Dear god, we need a sequel to this?

I should confess that I had a very curious reaction to Charles Webb’s THE GRADUATE: I hated it. Nay, I despised that book. Odd, because I had a fairly neutral reaction to the movie, but somehow in prose format, Benjamin Braddock came off as this whiny, good-for-nothing layabout who thinks he can win the girl of his dreams by stalking her and peppering her with stupid questions and not get the hint when she keeps telling him to go away. I was supposed to relate to him? I suppose the answer is yes, if “relating” equates to “wanting to slap him silly every second paragraph.”

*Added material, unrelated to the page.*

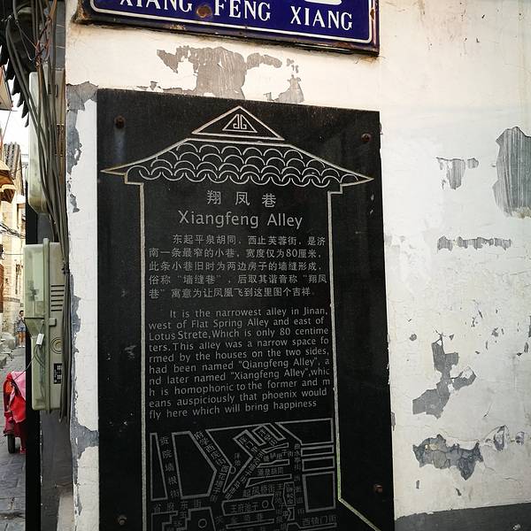 向东向南回到泉城路结束了今天的老街巷游走,这段路的游览时间大概在2小时,如果转的仔细一点要3小时吧济南老街巷中有一条最窄的小巷值得一提,那就是翔凤巷。它东起平泉胡同,西至芙蓉街,宽度仅为80厘米,系由过去两边的墙缝形成,俗称“墙缝巷”,后谐音为“翔凤巷”,取其凤凰来翔之意,街中一间房的墙上,仍嵌...济南老街巷中有一条最窄的小巷值得一提,那就是翔凤巷。它东起平泉胡同,西至芙蓉街,宽度仅为80厘米,系由过去两边的墙缝形成,俗称“墙缝巷”,后谐音为“翔凤巷”,取其凤凰来翔之意,街中一间房的墙上,仍嵌着清咸丰元年“翔凤巷”的刻石。
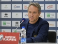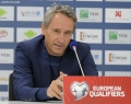 The coach of the Kosovo national football team, Primoz Gliha, speaks at a press conference before the football match, Kosovo vs Switzerland, valid for the qualifiers for the European Germany 2024.

So with that bias in mind, I must say that this news completely underwhelms me:

Ever since Elaine fled

the altar, leapt aboard a bus and rode off into the sunset with

Benjamin nearly 40 years ago, fans of The Graduate have been asking one

question: what happened next?

Plans
for a sequel to the film – starring Dustin Hoffman, Katharine Ross and
Anne Bancroft as the predatory Mrs Robinson – have become part of
Hollywood mythology. Now the speculation can finally be put to rest:
the sequel has been written.

Home
School picks up the narrative several years later. Benjamin is now a
father who, scarred by his own education, decides to teach his children
at home. He has not, however, entirely escaped his past, as the
seductive spectre of Mrs Robinson looms once again.

But
the agonising wait is not over for devotees yet. Charles Webb, who
wrote The Graduate in 1963, has declared that Home School, which he
completed two months ago, will not be published until after his death.

He
explained that when he sold the film rights for The Graduate , a
contract clause stated he also signed away the rights to its
characters, meaning that any follow-up could be turned into a film
without his consent. He claims he offered to work with the rights
owner, the French media company Canal Plus, on a big-screen version of
Home School but was rebuffed, so he now intends to leave the novel to
his sons in his will.

‘It
would be devastating to publish the book and then be a bystander and
watch a mediocre movie made of this story,’ Webb, 65, told The
Observer. ‘I guess I was naive to think it was an obvious thing we
would all agree on.’

The film rights owners wonder why Webb’s being so pessimistic, but grand gestures aside, he has a point. Even if it means that should I have the misfortune to read this book whenever it’s published, I’ll want to slap Benjamin Braddock all over again.